Available data:
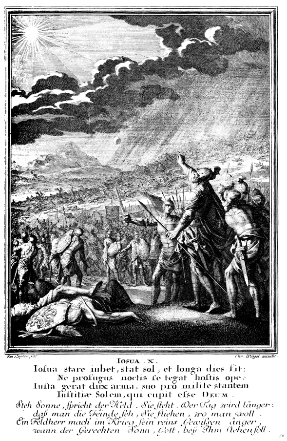Description: Israel defeats the Amorites at Gibeon with the help of God, who rains down stones upon the Amorites and causes the sun and the moon to stand still.
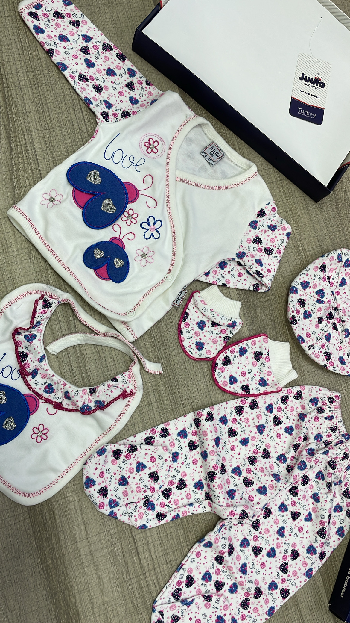 Ensembles pour la naissance 0-3 il contient 5 pièces essentielles pour un nouveau né ( le haut 👚 + le pantalon + bonnet + les moufles + bavoir)
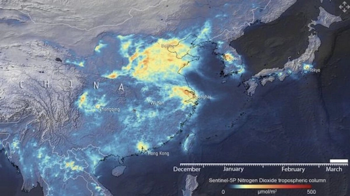 Поскольку двуокись азота в основном производится транспортными средствами и заводами, она является показателем первого уровня промышленной активности во всем мире. То, что хорошо видно, — это значительное снижение уровня диоксида азота над Китаем, вызванное снижением активности из-за карантина, а также китайского Нового года, который был в конце января.
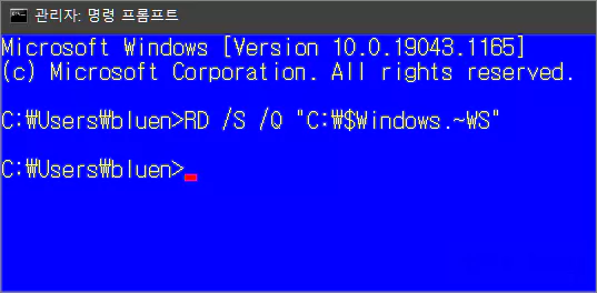 만일 권한 오류로 인해 위의 방법으로도 제거할 수 없다면 먼저 권한을 가져오도록 하는 아래의 명령어를 관리자 권한으로 실행한 명령 프롬프트 창에서 복사하여 붙여 넣기 한 후 엔터 해 보시기 바랍니다.

Task description: Please write out all the data word for word, but keep every picture out.

Response:
Description: Israel defeats the Amorites at Gibeon with the help of God, who rains down stones upon the Amorites and causes the sun and the moon to stand still.
 Ensembles pour la naissance 0-3 il contient 5 pièces essentielles pour un nouveau né ( le haut 👚 + le pantalon + bonnet + les moufles + bavoir)
 Поскольку двуокись азота в основном производится транспортными средствами и заводами, она является показателем первого уровня промышленной активности во всем мире. То, что хорошо видно, — это значительное снижение уровня диоксида азота над Китаем, вызванное снижением активности из-за карантина, а также китайского Нового года, который был в конце января.
 만일 권한 오류로 인해 위의 방법으로도 제거할 수 없다면 먼저 권한을 가져오도록 하는 아래의 명령어를 관리자 권한으로 실행한 명령 프롬프트 창에서 복사하여 붙여 넣기 한 후 엔터 해 보시기 바랍니다.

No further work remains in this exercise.